Looking for books

ben_huntsman

New Member
Hi there-
At a previous employer, a couple of my co-workers had some really great older books on Progress, and I read a bit of them and they were pretty good. I'd love to track down copies, if I could remember the details and find someone who had a copy they'd be willing to sell..

The first one was soft cover, a light green or teal color, and I think it was called something like "Making Good Progress", and the author may have been John Sadd, but I'm fuzzy on that. Does that sound familiar? Anyone still have that?

The other one may be harder to track down. It was a student guide from a Progress training, and was from the V9 days so it had the V9-style artwork on the cover. It was only maybe 50 pages or so, and discussed the internals the database, how the high water mark works, how records are stored in blocks, how free blocks are located, etc. I don't recall if it was spiral-bound or stapled. Does that one sound familiar? It was really one of the most clear and outstanding technical discussions of database internals I've read, and not just for Progress.

Thank you in advance!
 

Rob Fitzpatrick

ProgressTalk.com Sponsor
I'm aware of those publications, though they are a bit before my time. The challenge with old documents/books is that, although they may have been well laid out and well written to cover the subject matter of their day, the platform has moved on.

Yes, some fundamental aspects of ABL remain unchanged, and you can get some very old ABL code to run unchanged in a new runtime. And some database concepts remain unchanged enough that old descriptions of them would still hold true today.

The problem is that many things didn't remain the same. And unfortunately you might already require the knowledge that the documents attempt to provide in order to distinguish the good information from the outdated information. Also, old documents don't include the accumulated wisdom of the user community that discourages the use of some platform features as worst practices.

In the v9 era, application storage areas (Type I!) were brand new tech. Features we now think of as old, like Type II areas, 64-bit dbkeys/rowids, TDE, ABP, Auditing, CSC, CDC, multi-tenancy, table partitioning, diagnostic data collection, online parameter changes, and countless others, were still far in the future. And even some seemingly fundamental internals concepts like space management, block headers, backups, BI/AI management, checkpoints, latches, client/server messaging, index rebuilds, repair tools, etc. have changed significantly since the v9 days. It is better to learn concepts from more modern information sources.
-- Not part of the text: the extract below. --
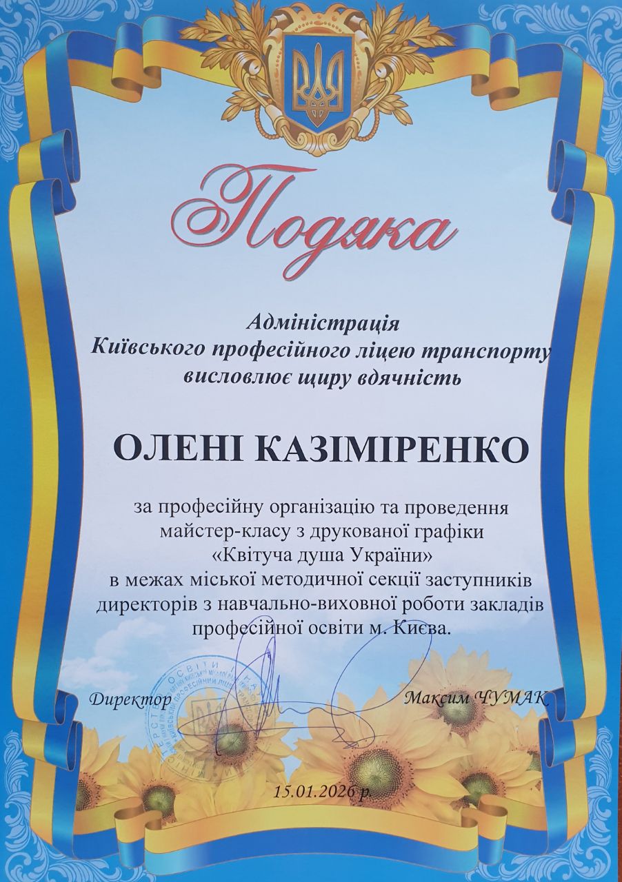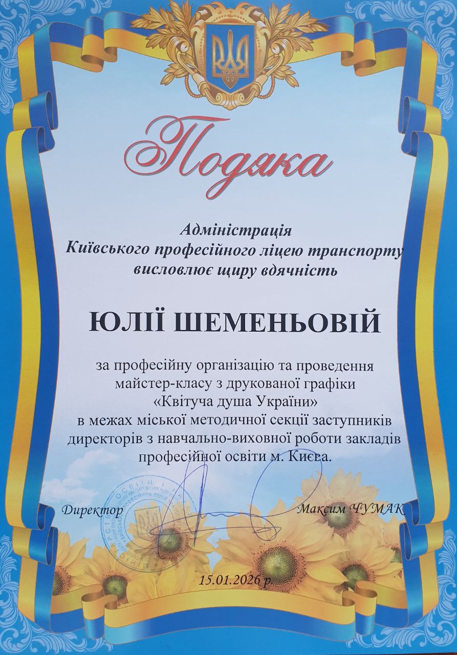 Майстер-клас з друкованої графіки "Квітуча душа України" в межах міської методичної секції заступників директорів з навчально-виховної роботи закладів професійної освіти м. Києва

Some suggestions for updating your knowledge:
  • Read the docs for a chosen release.
    Progress Documentation
  • Register for a future technical conference.
  • Download and review the session materials from past conferences. They often contain deep technical content you can't find anywhere else. The PUG Challenge Americas archive linked here contains nine years of conference content.
  • For specific content, search the online Knowledge Base.
  • Post a question in an OpenEdge community forum or sub-forum.
  • Post a question in an appropriate forum here!
  • Read White Star Software's blog (disclaimer: I work for White Star).
 

Osborne

Active Member
The "Making Good Progress" book could be this one - by John Campbell not John Sadd - although may be difficult to get now:


For the version 9 book it may be part of the downloads from the OpenEdge 9 section here:


As Rob points out though, they will be very old now and updated documentation is better.
 

ben_huntsman

New Member
Hi guys!
Thanks for the replies!

Yes, I think you are right about the John Campbell book, though that cover is not the one I recall my co-worker having. Maybe he had a different edition? His was a darker shade of blue-green and didn't have any graphics on the cover. Just the title and author.

The V9 book was definitely a student guide from some training class, and isn't part of the standard V9 set. I actually have a full set of V9 printed docs someplace too and it wasn't part of that either. If the one I'm talking about sounds familiar, does anyone remember what it was called specifically?

Both of you raise excellent and valid points about newer documentation and publications. I know about most of the changes since those days and read the current stuff too. I was looking for these two manuals as much for nostalgia and being well-written as much as anything, and less so for their technical content... So that being said I'd still love to find copies, if anyone has one stored away still!

Thanks so much!
 

TomBascom

Curmudgeon
John's original book "Programmers Progress" was much thinner and had several cover variations. It is still the best discussion of the basics of 4gl queries and transactions that has ever been written.